In order to determine the genetic characteristics of the nuclease gene in pSNUC24-26, nucleotide sequence analysis was performed by following the Sanger dideoxy chain termination method using the T7 promoter primer (SEQ ID NO:3) (5'-TAATACGACTCACTATA-3') and the T7 terminator primer 3'-TGGCGACTCGTTATTGATC-5' (this primer being complementary to the sequence 5'- ACCGCTGAGCAATAACTAG-3' (SEQ ID NO:4)). The complete nucleotide sequence of the nuclease gene in pSNUC24-26 is presented in Fig. 3. A number of point mutations and addition of several base pairs were detected in the cloned staphylococcal nuclease gene in pSNUC24-26 resulting in a mutant form of the gene. A small DNA sequence, 5'-GGATCG-3', was inserted by an unknown mechanism immediately upstream of the BamHI site of the left side primer sequence during the PCR DNA amplification. Also, deletion of a nucleotide base,

C, in the second position of the second codon [CCT > CT, i.e. C(ΔC)T], and transition of A > G at the 4th and 36th codons (ACT > GCT at the 4th and AAG > GAG at the 36th positions) were evidenced.

Although, the deletion of a nucleotide base, C, at the second codon resulted in a frameshift mutation, the wild type amino acid residues of the nuclease protein were restored at the 3rd codon (GCG - Ala) and from the 5th codon (TTA - Leu) onwards. As a result, for the conformational stability and biological activities, the amino acid residues at positions 19 (GAT - Asp), 21 (GAT - Asp), 40 (GAC - Asp), 41 (ACA -Thr) and 43 (GAA - Glu) that have been shown to be essential for binding to Ca²⁺ (Tucker et al., 1979, Molecular and

Cellular Biochemistry, Z3. 67-86) together with the amino acid residues at positions 35 (AGA - Arg), 84 (AAA - Lys), 85 (TAT - Tyr), 87 (CGT - Arg) and 113 (TAT - Tyr) that have been shown to be essential for intramolecular interactions to establish the "active site" of the protein (Tucker et al., 1979), were not affected by this mutation (cf. Fig. 3. However, the changes in amino acid residues from Glu > Arg at position 10, from Pro > Thr at position 11 due to a single base deletion (CCT > CT) and the insertion of the DNA

sequence 5'-GGATCG-3' upstream of the primer location, and changes in the amino acid residues of Thr > Ala at position 13 and of Lys > Arg at position 36 due to the point mutations (A > G) of the wild type nuclease gene may have altered the extracellular transport and relative biological activities of the protein encoded by the plasmid pSNUC24-26. C. Kinetics of the pSNUC24-26-encoded staphylococcal nuclease in E. coli HMS174(DE3)

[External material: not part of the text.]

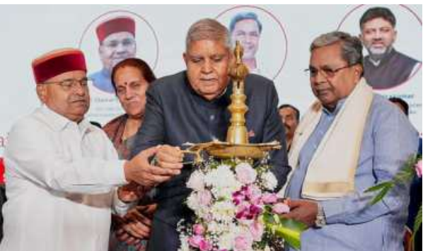
Vice-President Jagdeep Dhankhar inaugurating the 25th National Conference of Chairpersons of All-State PSCs in Bengaluru.

Vice-President Jagdeep Dhankhar has disfavoured extensions given to those in government services, saying such a step affected the prospects of those next in line. He said there have been cases where employees, particularly those in premier services, never seem to be retiring and continuing in service even after their superannuation, by getting some ad hoc positions. Delivering the inaugural address at the 25th National Conference of Chairpersons of All-State Public Service Commissions (PSCs) in Bengaluru on Saturday, he said, “Extension of service defies the logical principle of expectation. We have a doctrine of expecta-

To determine the cell function-limiting (or killing) efficiencies of the mutant staphylococcal nuclease gene in the pSNUC24-26 plasmid, induction of the E. coli HMS174(DE3) carrying this plasmid was performed by the addition of 1 mM of IPTG in an exponentially growing liquid culture. Before and after addition of IPTG (i.e. induction), aliquots of serially diluted culture were tested on DNAse Test Agar plates without IPTG. A decrease in the cell number at the level of > 4 log was evidenced within the first 3 h time period following induction when plated onto DNAse Test Agar plates without IPTG (Fig. 4).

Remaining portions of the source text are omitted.